In computing, a one-pass algorithm or single-pass algorithm is a streaming algorithm which reads its input exactly once. It does so by processing items in order, without unbounded buffering; it reads a block into an input buffer, processes it, and moves the result into an output buffer for each step in the process. A one-pass algorithm generally requires O(n) (see 'big O' notation) time and less than O(n) storage (typically O(1)), where n is the size of the input. An example of a one-pass algorithm is the Sondik partially observable Markov decision process.

== Example problems solvable by one-pass algorithms == Given any list as an input:

Count the number of elements. Given a list of numbers:

Find the k largest or smallest elements, k given in advance. Find the sum, mean, variance and standard deviation of the elements of the list. See also Algorithms for calculating variance. Given a list of symbols from an alphabet of k symbols, given in advance.

Count the number of times each symbol appears in the input. Find the most or least frequent elements. Sort the list according to some order on the symbols (possible since the and after number of symbols is limited). Find the maximum gap between two appearances of a given symbol.
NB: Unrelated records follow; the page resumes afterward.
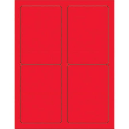 Use to create your own product or mailing labels. 3 1/2 x 5 Fluorescent Red Rectangle Laser Labels. Use to create your own product or mailing labels. Labels work with both Laser and ink jet printers. Permanent adhesive. Labels stick to a variety of smooth surfaces including paper corrugated plastic wood glass and metal. • Labels stick to a variety of smooth surfaces including paper corrugated plastic wood glass and metal. • 3 1/2 x 5 . • Red Rectangle Permanent Acrylic. • Permanent adhesive. • Fluorescent Rectangle Laser Labels. • 400 labels per case. • Labels work with both laser and ink jet printers. • Sold as 400 Per Case.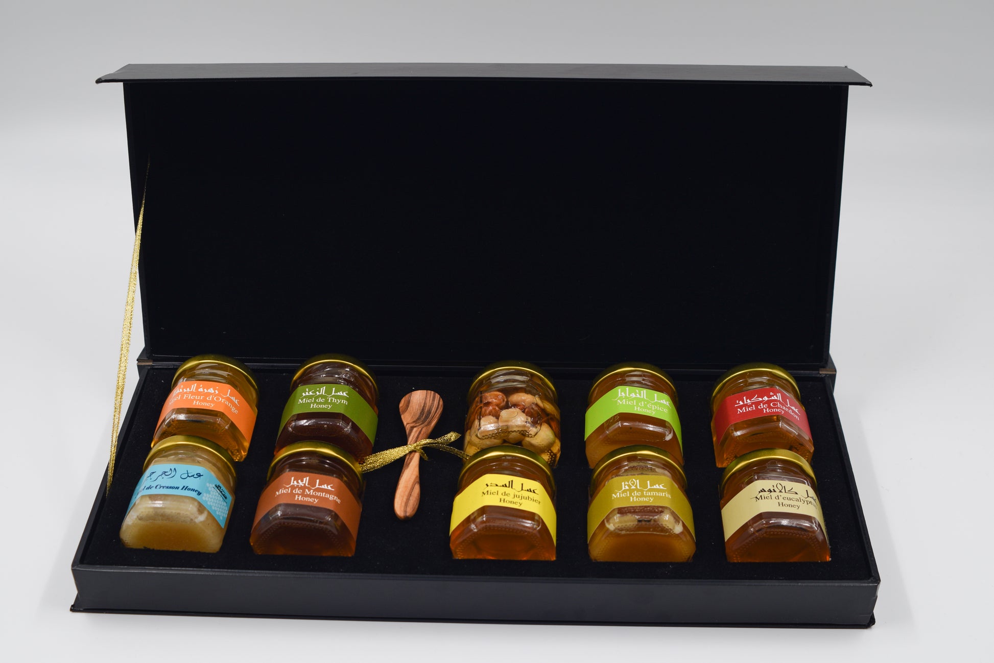 Découvrez notre Coffret de 10 Miels Tunisiens, une invitation à savourer la richesse et la pureté de la nature.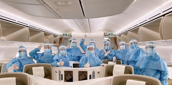 Nữ tiếp viên trưởng của Vietnam Airlines nói thêm, khi xảy ra dịch đoàn tiếp viên đã trang bị đầy đủ khẩu trang, găng tay, nước rửa tay và tập huấn quy trình phục vụ trong tình hình dịch bệnh lây lan nhanh.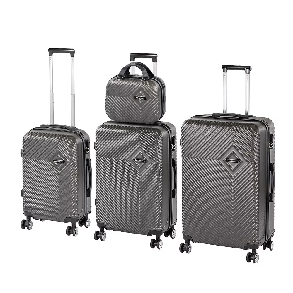 Conținut și dimensiuni: Valiza îngustă: 23 × 30 × 14 cm | 11 litri | 0,77 kg Valiza cabină: 55 × 40 × 20 cm | 38 litri | 2,6 kg Valiza medie: 68 × 45 × 25 cm | 60 litri | 2,65 kg Valiza mare: 76 × 50 × 29 cm | 100 litri | 3,3 kg - Material: plastic ABS ușor, rezistent la zgârieturi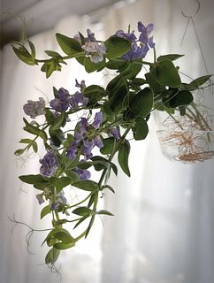 箱も大きくて、ボリュームがあり驚きました。フレッシュなグリーンとパープルがとても美しく、葉やツルの感じも生き生きとして楽しめそうです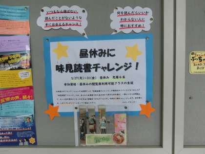 メディアセンターでは今日から31日(金)までの昼休みに、「味見読書チャレンジ」を行います。「味見読書チャレンジ」とはあらかじめ用意された本を選び、一冊につき4分間読み、もっと読みたくなったかを★で評価をつけるゲームです。今週の昼休み、それぞれの閲覧席利用可能なクラスの日に先着6名まで参加できます。是非チャレンジしてみてください。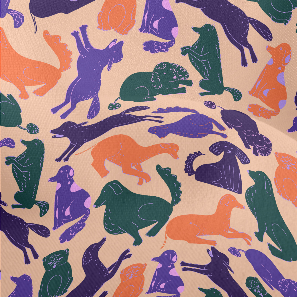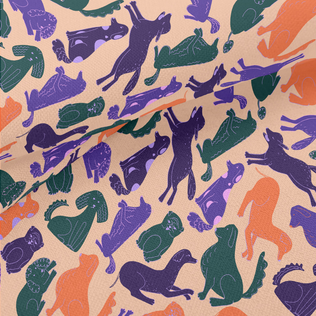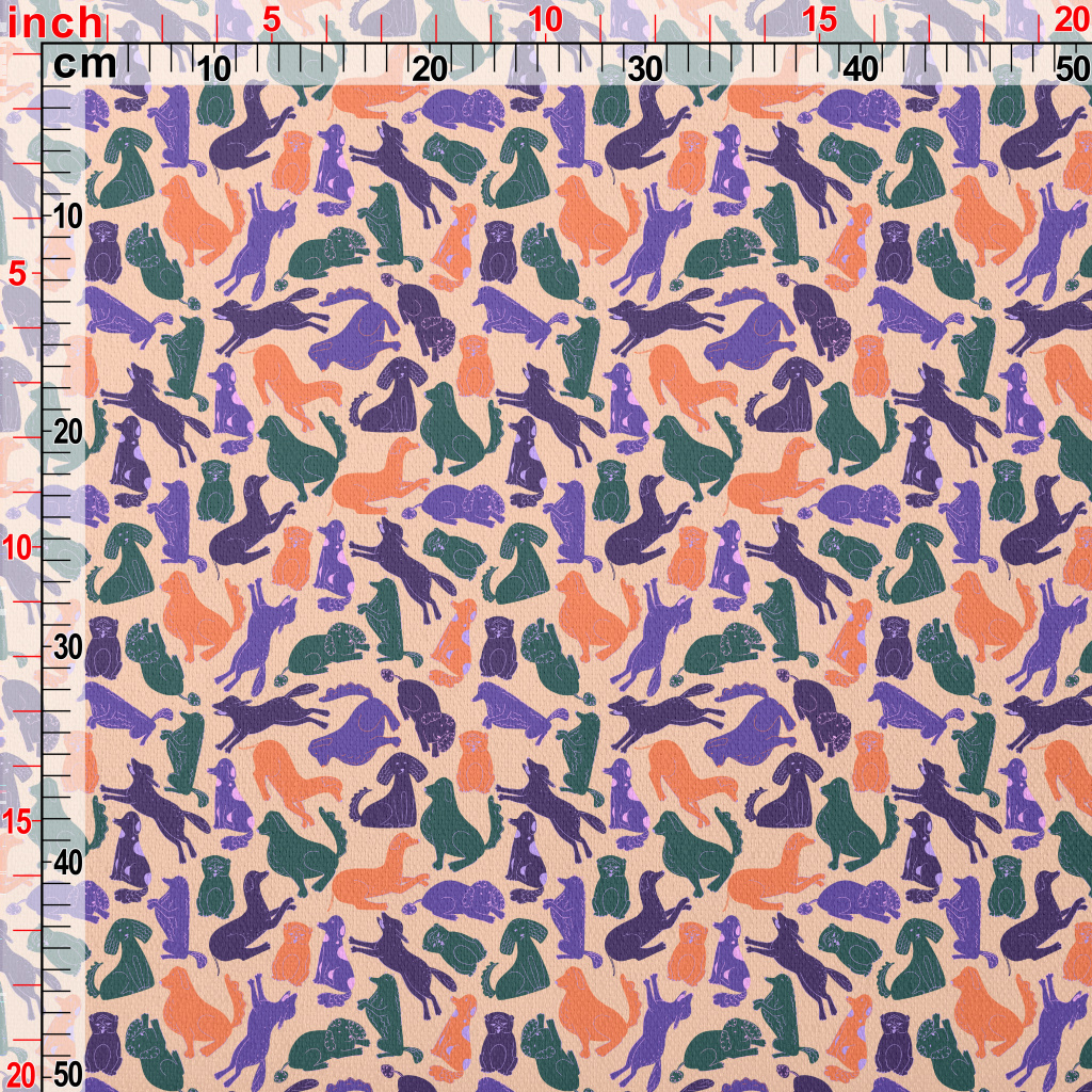 剪影線條彩色的狗狗竹節麻(幅寬150公分)

== Example problems not solvable by one-pass algorithms == Given any list as an input:

Find the nth element from the end (or report that the list has fewer than n elements). Find the middle element of the list. However, this is solvable with two passes: Pass 1 counts the elements and pass 2 picks out the middle one. Given a list of numbers:

Find the median. Find the modes (This is not the same as finding the most frequent symbol from a limited alphabet). Sort the list. Count the number of items greater than or less than the mean. However, this can be done in constant memory with two passes: Pass 1 finds the average and pass 2 does the counting. The two-pass algorithms above are still streaming algorithms but not one-pass algorithms.